_Problem to work on:_ With the pictures left out, print exactly the lines below that run from the one containing "Julio Le Parc" through the one containing "Простой дизайн в".

_Recorded information:_
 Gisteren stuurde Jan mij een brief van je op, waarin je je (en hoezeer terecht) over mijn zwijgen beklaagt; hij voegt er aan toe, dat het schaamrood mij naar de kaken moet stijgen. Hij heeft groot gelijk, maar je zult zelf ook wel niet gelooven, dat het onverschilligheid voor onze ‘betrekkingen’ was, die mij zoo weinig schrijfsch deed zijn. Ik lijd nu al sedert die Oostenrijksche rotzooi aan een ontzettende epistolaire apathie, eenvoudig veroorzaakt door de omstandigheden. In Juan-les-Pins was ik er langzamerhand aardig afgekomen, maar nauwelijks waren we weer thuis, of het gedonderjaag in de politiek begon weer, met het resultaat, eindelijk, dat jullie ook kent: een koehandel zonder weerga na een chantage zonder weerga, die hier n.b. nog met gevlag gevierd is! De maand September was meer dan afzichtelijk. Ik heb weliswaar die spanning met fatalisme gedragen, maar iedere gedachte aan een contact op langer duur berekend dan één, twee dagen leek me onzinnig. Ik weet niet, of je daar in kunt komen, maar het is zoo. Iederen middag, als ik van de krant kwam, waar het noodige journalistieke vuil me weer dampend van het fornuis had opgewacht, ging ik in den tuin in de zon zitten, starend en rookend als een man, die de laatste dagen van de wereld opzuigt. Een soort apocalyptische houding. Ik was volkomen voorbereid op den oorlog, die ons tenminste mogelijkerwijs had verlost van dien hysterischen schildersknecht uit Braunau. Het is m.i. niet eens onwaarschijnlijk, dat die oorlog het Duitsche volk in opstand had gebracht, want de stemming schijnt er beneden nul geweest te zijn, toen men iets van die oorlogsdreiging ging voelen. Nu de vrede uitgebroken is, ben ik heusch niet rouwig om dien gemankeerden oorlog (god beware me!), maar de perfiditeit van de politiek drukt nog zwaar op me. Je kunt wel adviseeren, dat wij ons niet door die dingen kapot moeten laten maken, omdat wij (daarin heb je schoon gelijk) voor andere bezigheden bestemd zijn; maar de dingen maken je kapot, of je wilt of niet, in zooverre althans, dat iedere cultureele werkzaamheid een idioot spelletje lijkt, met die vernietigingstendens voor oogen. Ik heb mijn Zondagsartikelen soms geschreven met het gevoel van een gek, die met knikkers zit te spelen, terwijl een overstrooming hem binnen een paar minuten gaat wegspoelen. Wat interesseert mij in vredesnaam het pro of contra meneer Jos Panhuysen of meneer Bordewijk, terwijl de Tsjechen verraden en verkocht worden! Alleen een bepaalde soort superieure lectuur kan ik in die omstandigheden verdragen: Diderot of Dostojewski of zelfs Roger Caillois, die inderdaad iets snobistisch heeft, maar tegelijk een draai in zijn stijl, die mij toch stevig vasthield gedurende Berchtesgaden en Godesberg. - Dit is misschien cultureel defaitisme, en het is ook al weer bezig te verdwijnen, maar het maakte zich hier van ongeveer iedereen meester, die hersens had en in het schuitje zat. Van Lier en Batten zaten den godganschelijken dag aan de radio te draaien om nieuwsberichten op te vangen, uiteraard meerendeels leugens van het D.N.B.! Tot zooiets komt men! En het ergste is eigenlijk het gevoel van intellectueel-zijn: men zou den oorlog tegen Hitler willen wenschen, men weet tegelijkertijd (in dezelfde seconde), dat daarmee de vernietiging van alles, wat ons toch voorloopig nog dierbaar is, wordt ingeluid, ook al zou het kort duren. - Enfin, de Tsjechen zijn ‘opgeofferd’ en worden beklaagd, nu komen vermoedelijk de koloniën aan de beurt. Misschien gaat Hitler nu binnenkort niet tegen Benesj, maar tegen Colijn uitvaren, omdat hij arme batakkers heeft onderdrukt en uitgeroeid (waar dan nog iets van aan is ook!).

--

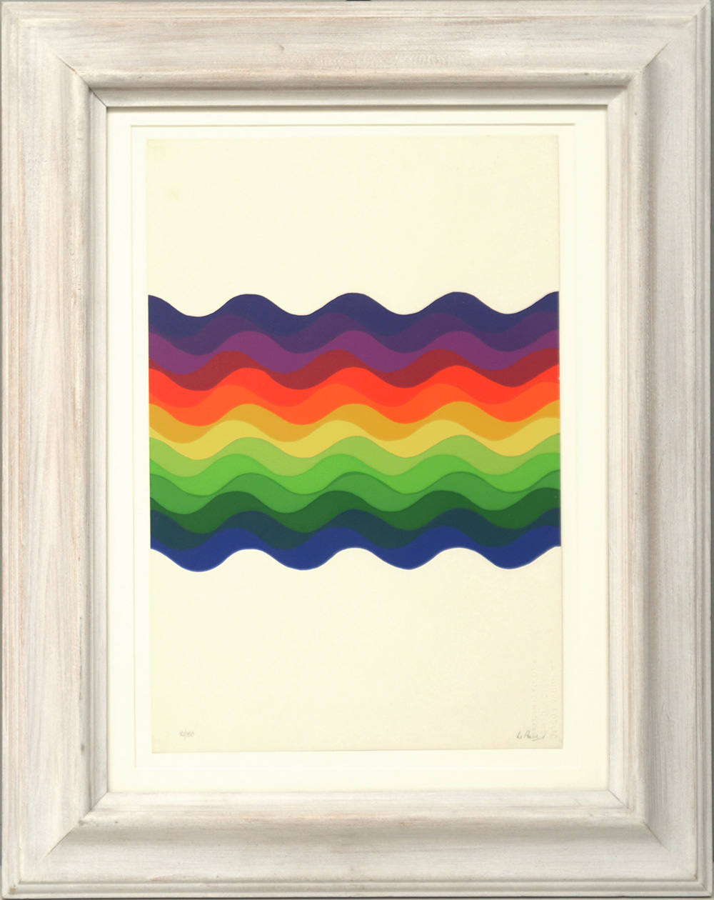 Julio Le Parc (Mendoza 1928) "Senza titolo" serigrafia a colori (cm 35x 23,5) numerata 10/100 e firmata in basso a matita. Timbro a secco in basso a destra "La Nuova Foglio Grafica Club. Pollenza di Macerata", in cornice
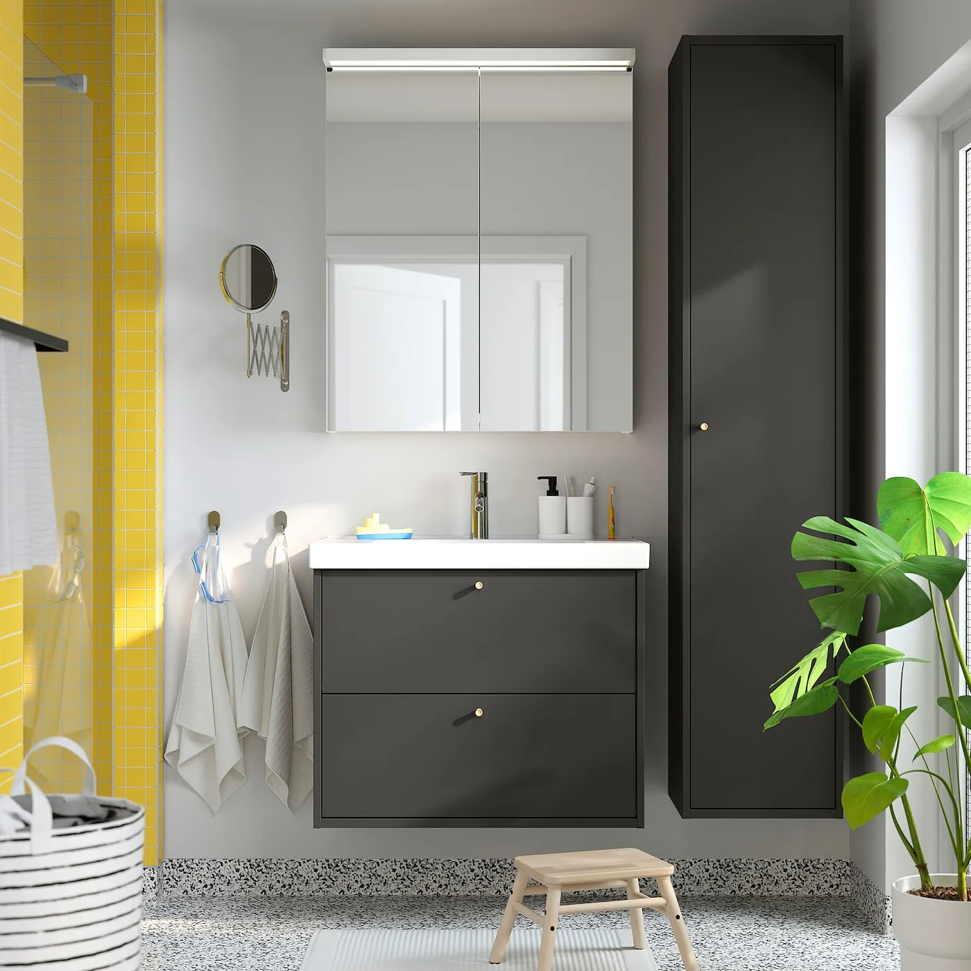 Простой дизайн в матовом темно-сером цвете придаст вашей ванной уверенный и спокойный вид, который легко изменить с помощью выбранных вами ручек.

_Reply:_
 Julio Le Parc (Mendoza 1928) "Senza titolo" serigrafia a colori (cm 35x 23,5) numerata 10/100 e firmata in basso a matita. Timbro a secco in basso a destra "La Nuova Foglio Grafica Club. Pollenza di Macerata", in cornice
 Простой дизайн в матовом темно-сером цвете придаст вашей ванной уверенный и спокойный вид, который легко изменить с помощью выбранных вами ручек.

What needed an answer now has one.